Photoevaporation Does Not Create a Pileup of Giant Planets at 1 AU

TL;DR

Photoevaporation in protoplanetary disks has minimal impact on the final positions of giant exoplanets, making it unlikely to explain the observed pileup near 1 AU.

Contribution

This study combines analytic models and hydrodynamic simulations to show that photoevaporation does not significantly influence giant planet migration or their final orbital distribution.

Findings

Photoevaporation alters giant planet migration by at most 5%.

Migration stalls when disk surface density drops below a threshold.

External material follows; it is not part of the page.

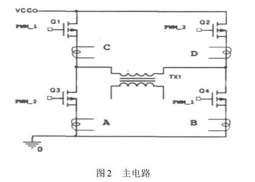 PWM1與PWM2為PWM芯片輸出的兩路互補脈沖信號,主電路(見圖2)中Q1、Q4的驅動與圖3中PWM1同步,Q2、Q3的驅動與PWM2同步。 在A、B、C和D4點進行電流上升率采樣然后轉變為電壓信號,并分別給圖3中的直通信號1與直通信號2。

Photoevaporation is unlikely to create the 1 AU pileup of giant planets.

Abstract

The semimajor axis distribution of giant exoplanets appears to have a pileup near 1 AU. Photoevaporation opens a gap in the inner few AU of gaseous disks before dissipating them. Here we investigate whether photoevaporation can significantly affect the final distribution of giant planets by modifying gas surface density and hence Type II migration rates near the photoevaporation gap. We first use an analytic disk model to demonstrate that newly-formed giant planets have a long migration epoch before photoevaporation can significantly alter their migration rates. Next we present new 2-D hydrodynamic simulations of planets migrating in photoevaporating disks, each paired with a control simulation of migration in an otherwise identical disk without photoevaporation. We show that in disks with surface densities near the minimum threshold for forming giant planets, photoevaporation alters the final semimajor axis of a migrating gas giant by at most 5% over the course of 0.1 Myr of migration. Once the disk mass is low enough for photoevaporation to carve a sharp gap, migration has almost completely stalled due to the low surface density of gas at the Lindblad resonances. We find that photoevaporation modifies migration rates so little that it is unlikely to leave a significant signature on the distribution of giant exoplanets.